I think I will have to write more.
*
*
Wow...I just checked the clock and it's already past midnight...I've been writing this for hours now...I don't even known when it is going to be finished, but still, I think there is time yet to do it, so that it will be ready in time. At least I do hope so...I think it would be a perfect addition.
Yes, Daniel, I fell in love with you on that dark day that now stands out in my memory as one of blood and as one of heart. I woke up in the afternoon feeling warm and fuzzy and quite a bit hungry, too. I realized that it was past seven o'clock, and I had slept through most of the day. It even took me a couple of minutes to realize that you, Dan, were sleeping in the living room.
My heart felt like it was suffering from a severe case of angina when I hurried to put on my robe and slippers and then crept to the door and pushed it open a little to look out.
From my vantage point, I saw the television, dark now, and the couch where you were sitting. You were a heap of lion covered with a flowery-patterned duvet from your ankles to your neck, and you had your head resting against a paw that was cupping your cheek when you slept. Your footpaws and your big, strong tail couldn't fit the small couch so they hung over the armrest and I found that simply adorable.

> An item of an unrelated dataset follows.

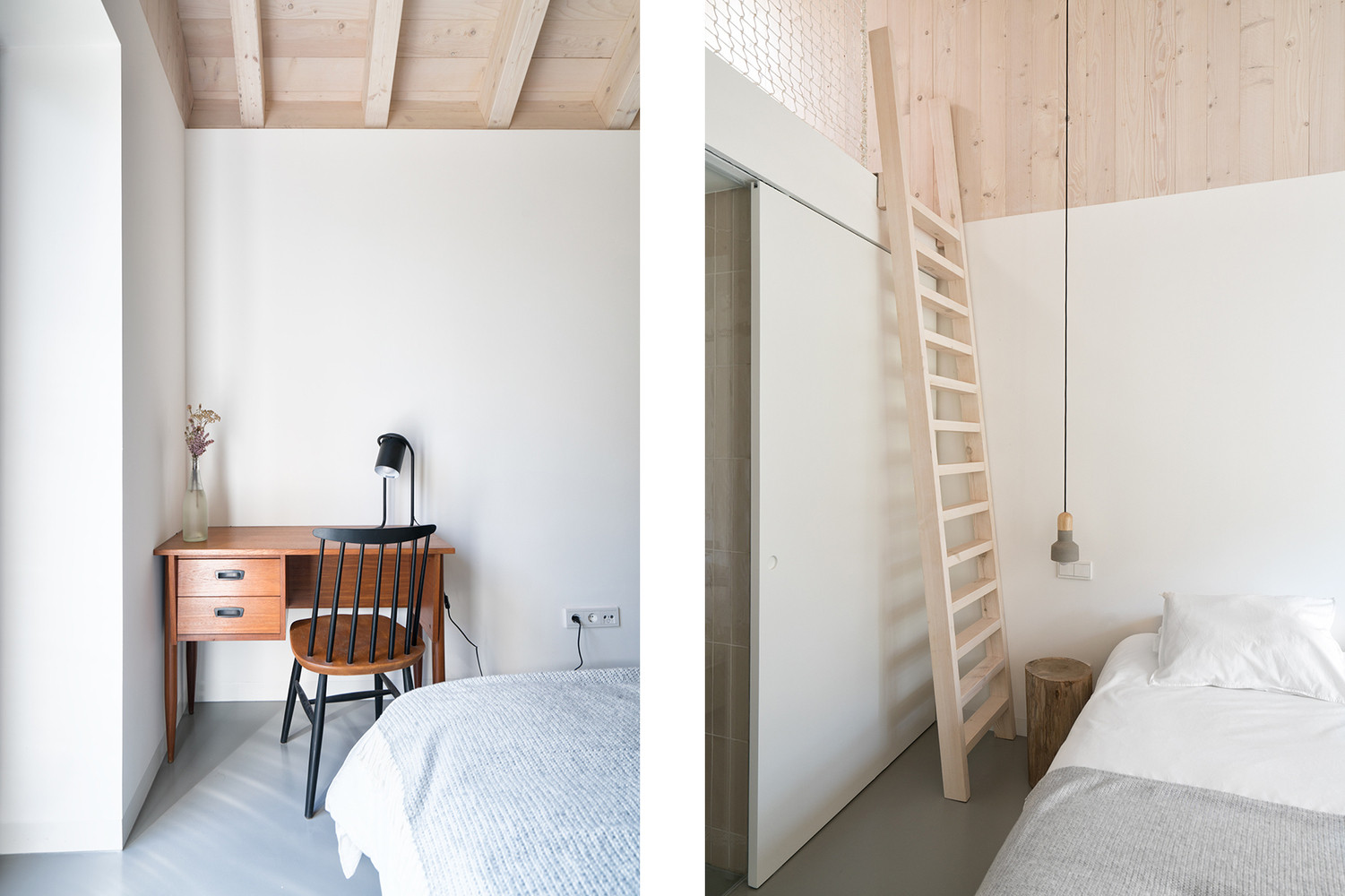 Vzdušnou dispozici navrhla architekta tak, aby se přizpůsobila požadavkům páru, rodiny s dětmi i větší skupině přátel. Centrum domu tvoří prostorný obývací pokoj s kuchyňským koutem a jídelním stolem, na nějž navazuje venkovní dlážděná terasa. Technické zázemí a ložnice s vlastními koupelnami jsou situovány při bočních stranách objektu, přičemž každá z ložnic se stejně jako obývací pokoj otevírá velkými okny do exteriéru. Nad prostor koupelen pak Laura Alvarez navrhla útulná mezipatra osvětlená střešními okny, do nichž je možno vystoupat po žebříkovém schodišti z dané ložnice.

It feels almost...strange to admit that I stood there and looked at you for what must have been minutes. My heart jumped against my ribs while I clutched the doorframe with my paws and willed myself to not to go and disturb you. I felt like going in to check that your pillow was well fluffed and that your blanket was nicely folded...and I don't think it was the nursing skills or profession talking this time.
I only dared to allow myself a few precious moments more of watching you before I tiptoed back to my bedroom and laid down, pulling the covers over me again, robe and all, and just laid there and listened to my own heart thumping. I felt both very alive and also, a twinge of the familiar pain I associated with attraction to unattainable straight guys. I didn't weep but my heart ached a little, even if my head was swimming with your masculine beauty...and the knowledge that you didn't even know that I could love you.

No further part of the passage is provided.